The papers in this panel will focus on areas in South and Southeast Asia where there has been rapid ecological change due to human-induced development activity, natural disasters, climate change, or migration. Although there has been new research focused on the “anthropocene” which shows how local communities adapt to such changes, the role of language, multilingualism, and language ideologies in facilitating social adaptation and transformation is underexplored. These papers present case studies highlighting the response of multilingual communities to ecological change.

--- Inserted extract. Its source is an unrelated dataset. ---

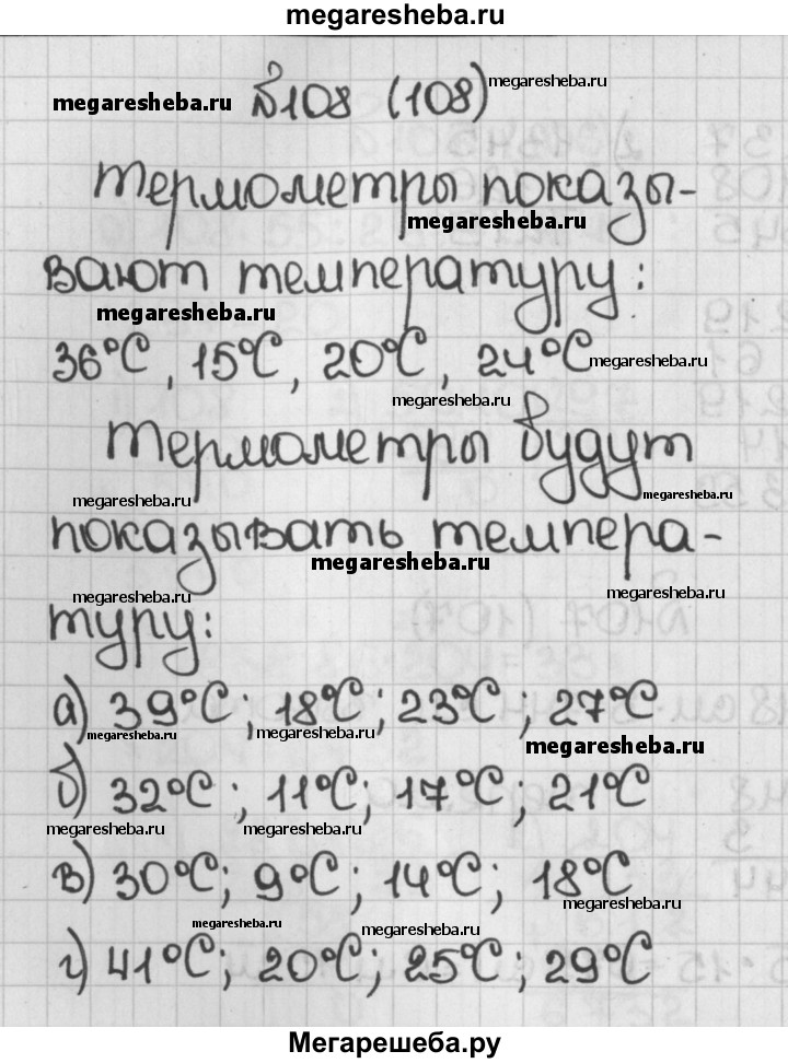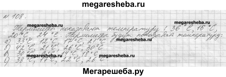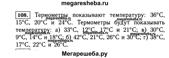 108. Какую температуру показывает каждый термометр на рисунке 24? Какую температуру будут показывать эти термометры, если их столбики: а) опустятся на 3 деления; б) поднимутся на 6 делений; в) опустятся на 6 делений; г) поднимутся на 2 деления?

The panel features papers by Vysakh R. (Doctoral student, IIT-Gandhinagar) entitled Name-avoidance and its effects on multilingualism: A perspective from Nicobar, which will examine how the linguistic taboo of taking the name of a deceased person in the Nicobar Island chain in the Indian ocean has led to linguistic innovation and the construction of new multilingual repertoires in the context of inter-island migration and ecological change in the aftermath of the 2004 tsunami. Sakuntala Longkumer (Postdoctoral Fellow, IIT-Gandhinagar) in her paper Nagamese: The language of belonging in Multilingual Nagaland will focus on city of Dimapur in Northeast India, analyzing the relation between multilingualism, language, and space among different generations of urban residents. Nishaant Choksi and Kalpesh Rathwa (IIT-Gandhinagar) in their paper, Multilingualism and the vocabularies of displacement in Western India will address the reorganization of multilingualism in the aftermath of forced displacement and resettlement of indigenous communities in western India as a result of dam construction. Finally, Sommor Panyavong (National University of Laos), Khammanh Siphanxay (Lao Academy of Socio-Economic Science) and Bouathong Xaimaly (Researcher, Samphanh District) will present on Ritual multilingualism in ecologies of human-spirit symbiosis, focusing on the organization of multilingual language use within the changing ecology of Northern Laos with regard to ritual interactions with local landscape spirits.
The discussant for the panel will be Nathan Badenoch, Villanova University.”
Keywords: Multilingualism, Ecology, Language ideology, Speech community, Migration, Performance.